We begin with an amnesia of the origin to these vocabularies of sculpture making and painting , bring out colours and make efforts at –  tongue and cheek conceptualism . Bhushan Bhombale makes sculptures in Paper and Food ,  he follows an aesthetic line that emerges from his paintings. Placing paintings alongside objects such as sculpture for me often is akin to the act of Indian shrine making . A strange element of magic arises when you place in conversations visual vocabularies in tangible ways . Orozco  was born in a colonial city -Xalapa that is  encased in tropical forests . Colonials could not tame forests in the tropics nor could we by using concrete.  His paintings with bright forms in colour are often enclosed in grey surfaces mimicking the green patina concrete takes on during monsoons .
We see  papayas, ferns, trees and fruits growing among the algae in the cracks of concrete in the buildings of Bombay, this is a ‘Pais’ a space emerges to accommodate nature. Discussing the practices of these artists we arrive at an understanding of Bhushan Bhombale’s practice, one that is still experimental and emerging. Aesthetics is an unknown within the Indian school of thought there are two remarkable focal points of discussion here.  One is ‘ Shailikar’ – author of a style and the other is the ‘Apbhramsh’ or the accidental.  Conscious innovation and invention of an individual style in poetry or literature or the beauty of arriving at something accidently in music finds resonances in Indian painting.
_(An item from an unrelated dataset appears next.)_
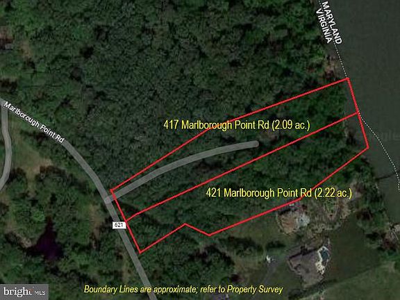 Rare opportunity to purchase 2+ acres of wooded, waterfront land directly on the Potomac River! Marlborough Point is a magical riverfront location in historic Stafford County that offers nearly everything you could ask for. Enjoying some of the best river views in Virginia, this luxurious community is a very private oasis of natural beauty with several $2M+ homes, served by a single roadway. Truly a retreat in every sense of the word. Two adjacent lots are available for individual sale; 417 Marlborough Point Rd (2.09 ac) and 421 Marlborough Point Rd (2.22 ac). Each lot has direct waterfront access with over 100’ frontage on the Potomac River, each has been approved for a 4-bedroom septic field, and each is further subdividable into two 1-acre lots, if desired. You could build two homes; a dream home overlooking the water for yourself, plus an income-producing property or home for extended family and relatives. Do you have a bigger vision and need more land? Purchase both lots and build a custom estate on 4.3 acres! Each property offers gorgeous sunrises from wooded elevations with a slope down to the water. You’ll be surrounded by pecan, elm, and other canopy trees while the shoreline awaits your future pier or private dock, with deep water suitable for sail or power boats. (There is an existing, paved driveway leading to a vacant home at 417 Marlborough Point Rd. The structure was damaged by a previous fire and is considered a tear-down; for safety reasons DO NOT ENTER.) Nature enthusiasts will love nearby Aquia Landing Park (a 32-acre public beach with fishing, swimming, and picnicking) and the Crow's Nest Natural Area Preserve (3,000+ acres of wetlands, forest, and streams, home to bald eagles). Stafford is ideally located between Northern Virginia and Washington DC to the north, and Fredericksburg to the south. You’ll benefit from the modern Stafford Hospital and commuters will appreciate the convenience of Route 95, Route 1, and the Brooke Station VRE. Stafford could be a perfect location for your weekend waterfront home or your full-time residence. From here you can visit area wineries/breweries, charter a local fishing boat, go antiquing, shark tooth and fossil hunting, explore historical sites, visit local farms to buy the freshest produce available… or simply relax and enjoy the amazing waterfront views!

 Bhombale uses accidental forms through experimentation in techniques of painting and surface and thus arriving at an authored style or shaili. He picks up from here and uses papier-mache in sculpture and arrives at canvases that resemble the ‘Gondwana’ a tectonic plate that formed India when it broke away from Africa.  This is his ‘ Pais’. The Pais Polity established in 2022 works towards exhibition making ,  art history writing and exchange between rural India and the world ,  it is based in Bombay and works with artists using the interchange between artistic techniques,  industrial crafts and  traditional artisanal practices.  Aesthetics,  folk-stories and diasporas form its quilt of curiosity. ‘Pais’ is a Marathi word that denotes space,  vacuum ,  standing and intersections that arrive at a place of belonging.
Drawn from the Spanish newspaper’s title head Il Pais’ or ‘The Country’ is a nod to our commitment to internationalism as well as the  hope of a similar moment in history akin to the one that brought the daily  into existence. Bhushan Bhombale was born in 1991 in Bhusawal, Maharashtra, he lives and works in Dombivali, Bombay. He studied painting at the Raheja School of Art from where graduated with a Government Diploma in  Art in painting in 2014,  following which he did a Diploma in Art Education in 2015 from the Sir JJ School of Art, Bombay. Bhombale uses a technique that includes an experimental process where he makes an abstract decoupage that deals with creating surfaces using colour both oil and acrylic paints that spread over cloth, paper,  board, box-board, canvas and papier-mache. His work deals with the space for emotions in an expressionist phase that he brings out through the use of mixed media.
Mumbai-Repoter,( Hitesh Jain ).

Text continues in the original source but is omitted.